According to my premise, if peace and love are the releasing and alignment of free energy, understanding is the necessary application used to release free energy from perceptual molds which hold human beings socially captive and in an illusory state of segregation.

Since understanding is the key which unlocks peace and love, and understanding can be likened to building bridges across segregated units of identity or culture, crossing borders is an inevitable practice for anyone undertaking such a treacherous task.

There are many degradations of borders, from gross to very subtle. For instance, when I drove from the US to Canada there was a very concrete, hard to miss, border complete with barricades and border guards.
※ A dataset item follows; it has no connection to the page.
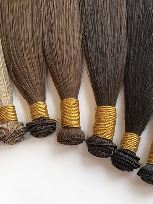 ** Hand-Tied Wefts cannot be cut at the weft: Wefts can be easily folded to fit desired widths. Due to the nature of how the wefts are made, hand tied hair should never be cut along the wefting.
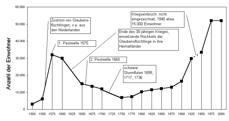 In Anlehnung an die Geschichte Emdens wird im Folgenden die Entwicklung der Einwohnerzahlen graphisch dargestellt. Ursachen für Einbrüche bzw. Zunahme der Einwohnerzahlen können auf meiner Website nachgelesen werden. Da mir nicht für jedes Jahr Angaben zur Einwohnerzahl Emdens vorlagen, wurden die Zahlen der betreffenden Jahre durch lineare Interpolation (zwischen den Vor- und Folgejahren) bestimmt. Dadurch sind kurzfristige Änderungen der Einwohnerzahl nicht zu erkennen. So ist beispielsweise der Rückgang während des Zweiten Weltkrieges nicht dargestellt.

When I traveled from Arizona to California, there was another border, but less obtuse, mostly signified by a welcome sign neatly tucked away at the side of the road.

There are also social borders, class borders, gender borders, generational borders, sexual borders, and many more, I'm sure, not mentioned here.

The more subtle a border, the more powerful its capacity to keep things separated, because it is hard to be cognizant of the fact that it exists.

Therefore, the invisible borders are the ones that are the most difficult to navigate.

I will say that my vision of peace-making is not the erasing of borders, but rather the building of bridges between borders that otherwise can't allow a person to cross smoothly from one unit of identity to the next. So it's more like making a quilt, or patching together a puzzle.

Each time one crosses a border, one's own horizon and perimeter of self expands, as the capacity to understand diverse units of identity expands.

Every time we cross a border, we have the power to build a bridge.

The invisible borders, are the borders we take for granted. They exist between us and the people we love.

To promote understanding, one has to constantly evaluate one's own invisible borders.
These are the questions the invisible borders evoke. Where is the segregation in a situation that doesn't overtly account for any segregation?